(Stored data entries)

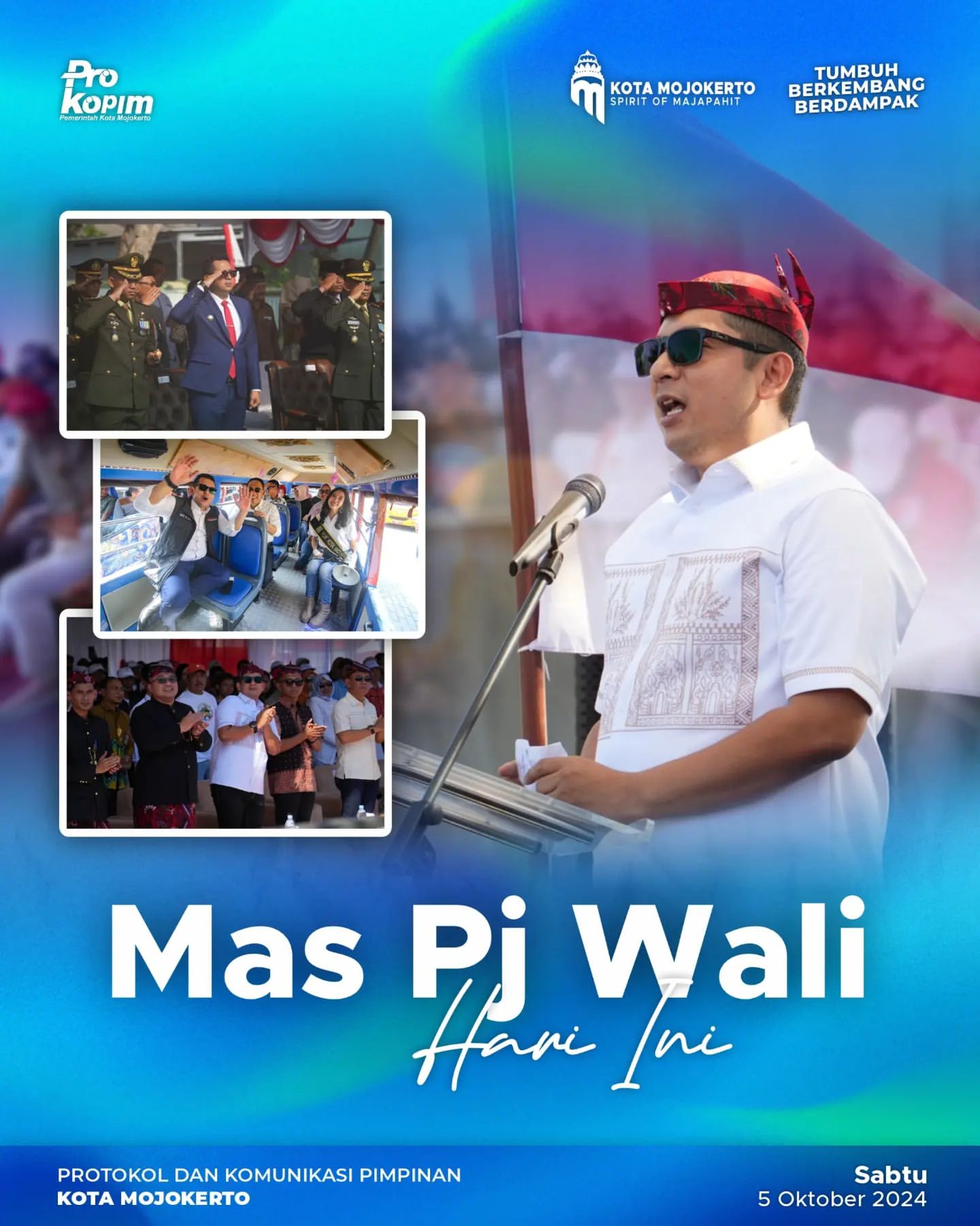 Mojokerto, 5 Oktober 2024 – Penjabat (Pj) Wali Kota Mojokerto, Moh. Ali Kuncoro, menghadiri acara Kirab Maskot yang digelar dalam rangka Pemilihan Kepala Daerah (PILKADA) Serentak tahun 2024. Acara tersebut berlangsung di Lapangan Raden Wijaya, yang terletak di Jalan Surodinawan No. 74, Prajurit Kulon, Kota Mojokerto.
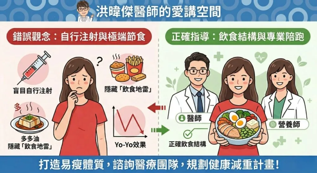 千萬不要自己私下買針來打!藥物皆有副作用,未經醫師評估與營養師的飲食調控,不僅容易導致肌肉快速流失,停藥後還會發生嚴重的報復性進食。
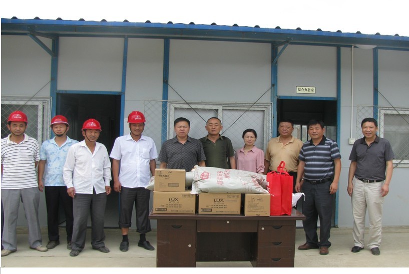 7月19日上午,集團(tuán)公司總法律顧問申玉恩在集團(tuán)保衛(wèi)部信訪辦主任龔志酬、紀(jì)委專職委員潘琳和安徽二建公司黨委書記朱治淮、工會(huì)主席李林等陪同下,來到二公司承建的安徽省女子監(jiān)獄遷建工程項(xiàng)目部“送清涼”。申總一行為工地送去了綠豆、白糖、香皂、毛巾、人丹、風(fēng)油精等防暑降溫用品,并要求項(xiàng)目部在高溫期間要合理安排作息時(shí)間,抓好安全管理,做好項(xiàng)目部人員的防暑降溫工作。
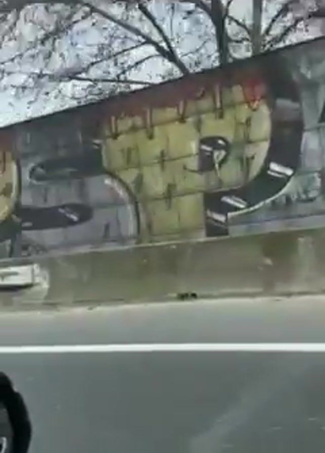 view from inside a car traveling on a highway. The camera is positioned behind the dashboard, facing forward. The outside environment, seen through the car window, includes a grey cloudy sky, and roadside elements. On the right of the road, there's a barrier with graffiti art. As the car moves, the view extends to show a bridge structure with bare trees and buildings in the background. The road surface is asphalt with white lane markings. The dashboard contains items such as a small pouch. The video continues with the car moving down the highway.
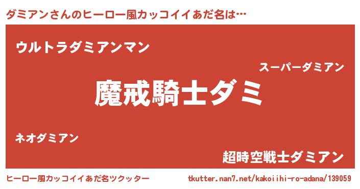 | 男性向けラノベタイトル風あだ名 | 『ダンジョンにダミアンを求めるのは間違っているだろうか』 |
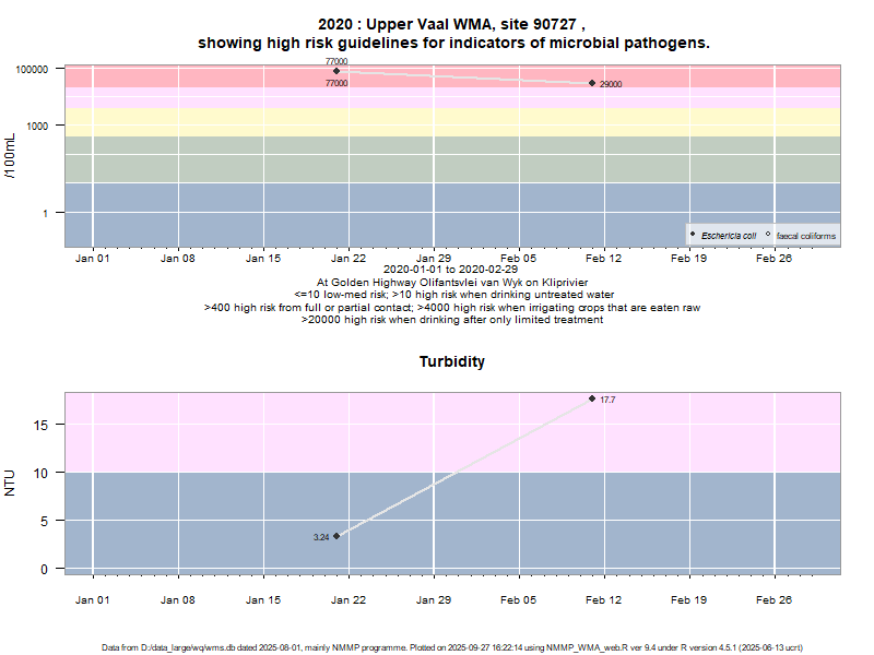 Risk based on E. coli if recorded, otherwise on faecal coliforms | ||||

• WHAT IS EXPECTED: Copy the entries above exactly from the line with "男性向けラノベタイトル風あだ名 | 『ダンジョンにダミアンを求めるのは間違っているだろうか』 |" down to their last line, both ends included. Do not copy any pictures.

• RESPONSE FOR THIS EXERCISE:
 | 男性向けラノベタイトル風あだ名 | 『ダンジョンにダミアンを求めるのは間違っているだろうか』 |
 Risk based on E. coli if recorded, otherwise on faecal coliforms | ||||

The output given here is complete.